Poster
EpiCare: A Reinforcement Learning Benchmark for Dynamic Treatment Regimes
Mason Hargrave · Alex Spaeth · Logan Grosenick
West Ballroom A-D #5301
Healthcare applications pose significant challenges to existing reinforcement learning (RL) methods due to implementation risks, low data availability, short treatment episodes, sparse rewards, partial observations, and heterogeneous treatment effects. Despite significant interest in developing dynamic treatment regimes for longitudinal patient care scenarios, no standardized benchmark has yet been developed. To fill this need we introduce Episodes of Care, a benchmark designed to mimic the challenges associated with applying RL to longitudinal healthcare settings. We leverage this benchmark to test five state-of-the-art offline RL models as well as four common off-policy evaluation (OPE) techniques. Our results suggest that while offline RL may be capable of improving upon existing standards of care given large data availability, its applicability does not appear to extend to the moderate to low data regimes typical of healthcare settings.

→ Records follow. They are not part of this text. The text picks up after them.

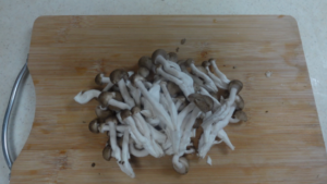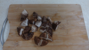 ②ねぎは斜めに1~2cm厚さに切り、しめじは根元を除いて大きめにほぐします。しいたけは石づきを除いて4~6等分に切ります。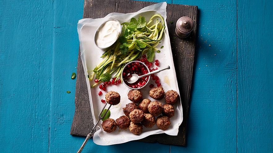 Scharfe Lammhackbällchen mit Zucchetti Salat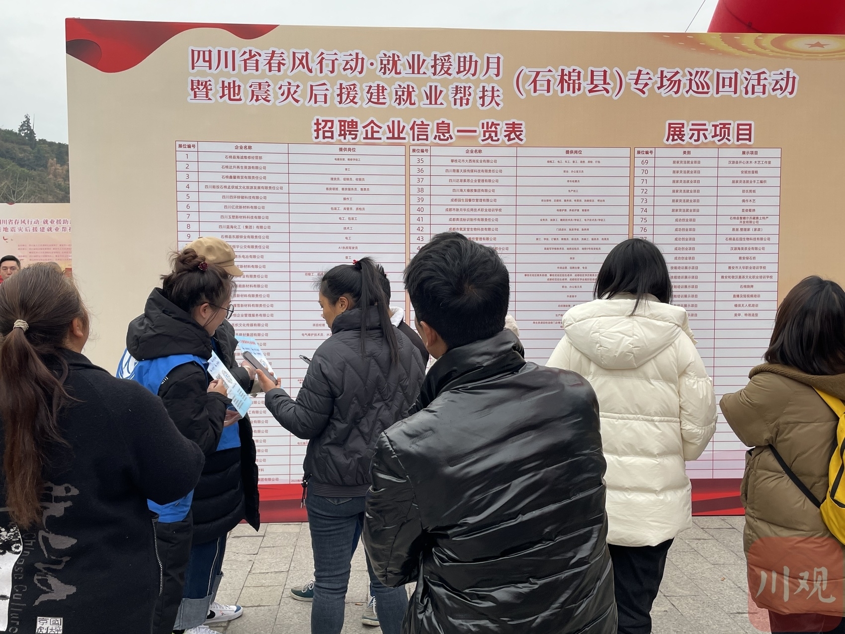 当天,由四川省人力资源和社会保障厅、雅安市人民政府主办,成都、眉山、攀枝花、雅安等市人社局、石棉县政府承办的春风行动·就业援助月暨地震灾后援建就业帮扶(石棉县)专场巡回活动在王岗坪乡游客服务中心举行。来自成都、眉山、攀枝花、雅安等地的68家企业,为当地群众带去3600余个就业岗位。这也是2023年全省首场灾后重建就业帮扶专项活动。

Additionally, we demonstrate that several OPE techniques which have become standard in the the medical RL literature fail to perform adequately under our simulated conditions. These results suggest that the performance of RL models in dynamic treatment regimes may be difficult to meaningfully evaluate using current OPE methods, indicating that RL for this application may still be in its early stages. We hope that these results along with the benchmark itself will facilitate the comparison of existing methods and inspire further research into techniques that increase the practical applicability of medical RL.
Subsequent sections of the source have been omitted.